The author I’m pleased to be hosting for Virtual FantasyCon’s Blog Hop Hunt today is author, Romarin Demetri of Urban Fantasy novels.

Flapdragon: Don’t try it at home

Halloween is coming, and in the Supernatural London Underground, a modern day urban fantasy series, the misfits celebrate by indulging in some Flapdragon competition at the city’s only supernatural pub. This is a great chapter, because quite a few characters we’ve already met show up to celebrate, and Romarin’s friends won’t tell her what Flapdragon actually is until she signs her name at the pub and agrees to play. Imagine having that much trust in those guys, would you?

Here is a video of a few people playing the game, because I don’t want you to try it at home. Hehehe.

This is video that clearly shows you why you shouldn’t play at home:

Without further ado, here is an excerpt from Book One of the Supernatural London Underground series on a fateful Halloween night.

Chapter excerpt from “A Mirror Among Shattered Glass” by Romarin Demetri

Chapter 23: Flapdragon

“Are you going tonight?” Travis asked me, as I sat with Kit in the common room, talking excitedly about Fred, not ready to be interrupted.

“Going where?”

“You bloody tourist,” he accused me. “Seven’s for Flapdragon and Halloween.”

“It’s today?” I questioned.

“If you’re going; are you?”

I looked to Kit, who was combing her slender fingers through her dark brown hair in thought, as if this wasn’t her conversation.

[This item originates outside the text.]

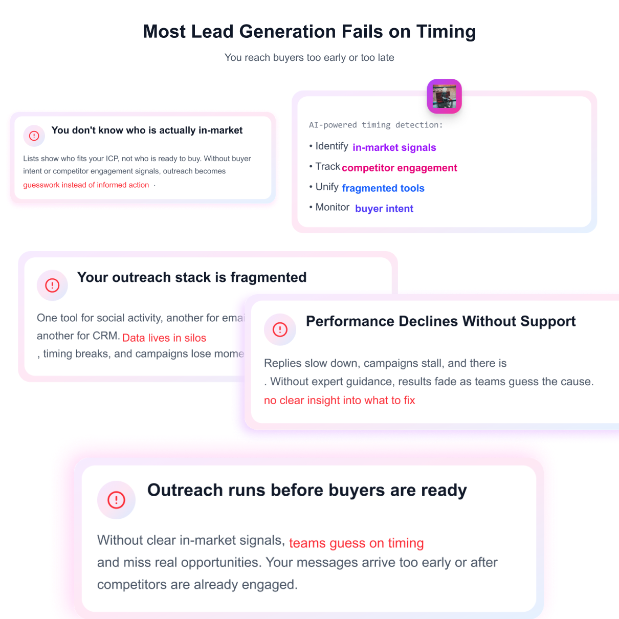 Outreach runs before buyers are ready or after competitors are already engaged. Without clear in-market signals, teams guess on timing and miss real opportunities.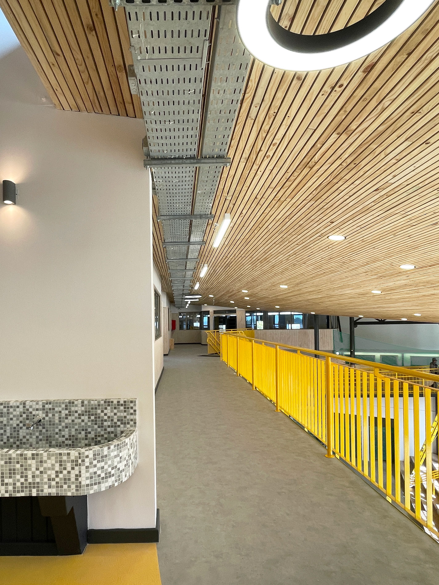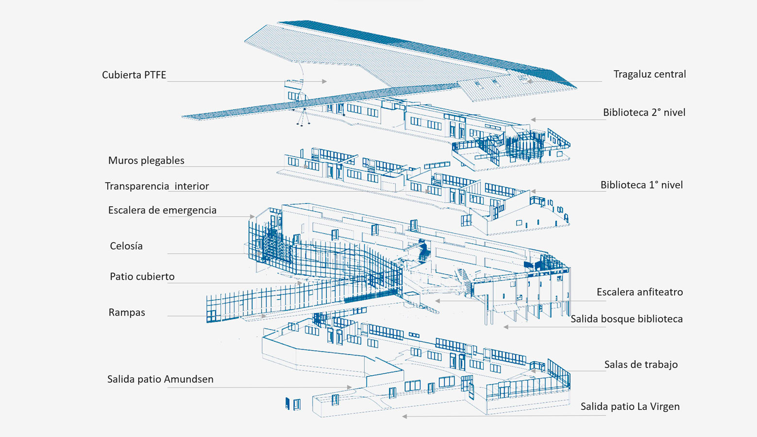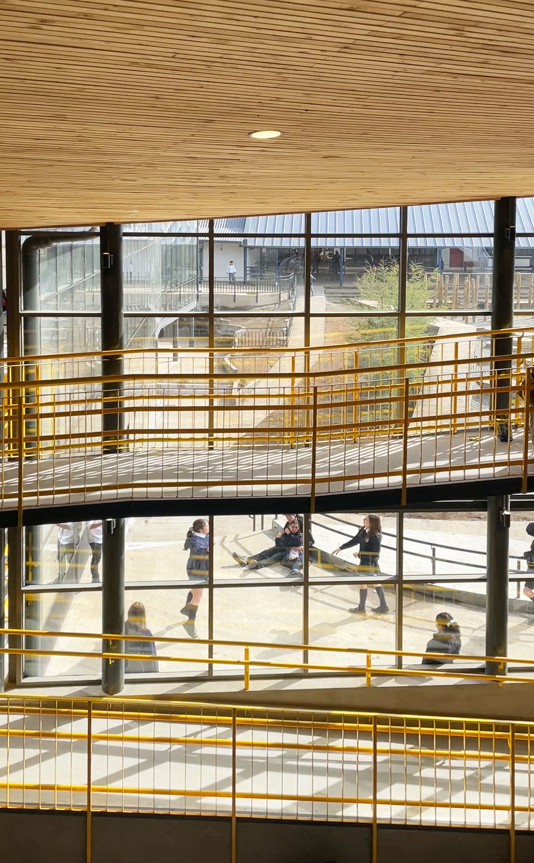 «Los detalles, no son los detalles» Cada decisión y elemento contiene un mensaje directo o subconsciente. Nos relacionamos y entendemos el mundo por nuestros sentidos y en un espacio pensado para la exploración y la creatividad, los niños absorben todo lo que los rodea y lo interpretan para su mundo. De todos los sentidos, nuestro mayor cuidado lo ponemos en el interoceptivo, que nos indica nuestro grado de confort con el entorno, (temperatura, luz, ruido, texturas, olores, colores, materiales, etc.) Buscamos crear las condiciones optimas naturales y emocionales para facilitar el aprendizaje. Crear condiciones de bienestar, multiplica la disposición para explorar, colaborar y aprender. En esta etapa de ampliación, se suman salas de clase flexibles y conectables, interiores y exteriores, distintos patios cubiertos cerrados y abiertos y las bibliotecas con sus destinitos espacios y usos posibles, con muebles, colores, texturas y rincones estimulantes para la lectura y el estudio. Todo conectado por escaleras y rampas que conectan los niveles y dan espacio para la conversación, la respiración y la integración.

“What’s Flapdragon?” I asked her.

“I’m not sure,” she said, disappointed.

“You’re not going, are you?” I asked her, knowing the answer.

“I’m not sure that’s a good idea,” she answered, clearing her throat after her voice fell a little. I knew she was right. “But please go, it should be fun.”

“Well?” Travis asked.


“But you have to promise to play or I’m not taking you.”

“Flapdragon?” I asked, to which he nodded, “Alright, I promise.”

I left with Travis and Audin, and they swore to me that they wouldn’t tell me what Flapdragon was until we got to Seven’s Pub to make me stop asking. It worked.

I could now walk from the castle to our favorite bar with my eyes closed, and with some practice, I was learning to shake the feeling of doom from my not-so-favorite alley, enchanted with little invisible, shivery hands that threatened to shake mine to make me turn back from the winding brick passageway. It might have been the jack-o-lanterns that helped me this time, as if Halloween lifted some of the hesitation from me, and probably the rest of London. Perhaps those who wouldn’t ordinarily end up at Seven’s would tonight, as if someone wanted the company—or the Flapdragon competition.

The jack-o-lanterns, a few feet apart, lit our way to the pub with their glowing orange lights and crooked teeth. Their little faces told me that tonight would be different, and I should soon be glad that I left the castle, even though something in me felt guilty in leaving Kit behind. We finally made it to a wider passageway, and the blue neon sign that named the pub.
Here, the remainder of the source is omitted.